She broke into a sprint, not needing to even pause to think about which way to go. "What's wrong, Pilot?" she shouted without slowing, taking the first turn at the next junction.

"He has a pulse pistol, Aeryn -- I'm afraid he may harm himself!"

Aeryn felt her heart freeze even as her feet pounded on. How the frell had he managed to get a weapon? He hadn't had one when she'd brought him aboard, and she didn't remember seeing one in his quarters.

Barreling around the last curve, she flew through John's open door...and nearly skidded across the bare floor as she brought herself to a sudden stop. John lay on his bunk, much as she'd last seen him a few arns ago, propped up slightly on a pile of pillows gleaned from other empty cells. He did indeed have a pistol in his hand, turned exactly the wrong way, though he let it fall to his side unfired almost immediately upon her entrance. He was glaring up at her as if put out by the rude interruption. Aeryn opened her mouth to say something, then closed it again as she found herself unable to speak.

Crichton, typically, did not have that problem. "Aeryn," he said firmly, "go away."

"No," she said.

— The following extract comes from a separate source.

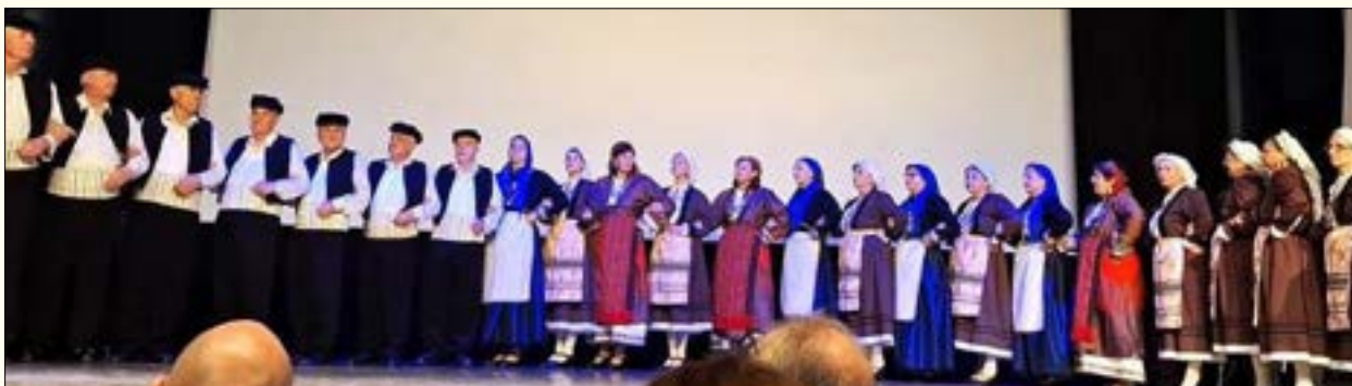
Το χορευτικό στο Φεστιβάλ της Στοκχόλμης

Well, it was progress; she'd found one word she could say. Searching around her whirling mind, she found another. "Why?"

"So you won't have to."

Aeryn walked unsteadily over to him and sat on the edge of the bunk. She tried reaching for the pistol, but he pulled it out of her reach. She gave up, not willing to risk a struggle for the weapon. "John, we'll arrive at Selkar's hospice in less than ten solar days," she said carefully.

"She can't do anything, Aeryn. She told me that monens ago. Now just get out of here!"

She ignored the command. "And you just took her word for it? You didn't even try to find another option?" Aeryn's voice conveyed utter disbelief, and a touch of disappointment. It was a tone he'd heard before, back on the Royal Planet before his ill-fated wedding to Katralla. Was I mistaken? You're not the Crichton I knew?

As if that thought had been a trigger, John noticed a young girl -- his and Katralla's as-yet-unborn daughter -- standing on the other side of his bunk, reaching with childlike curiosity towards the pulse pistol. He yanked it out of her reach and yelped, "No!" before he could stop himself. The little girl pouted at him and vanished. Another frelling hallucination, damn it.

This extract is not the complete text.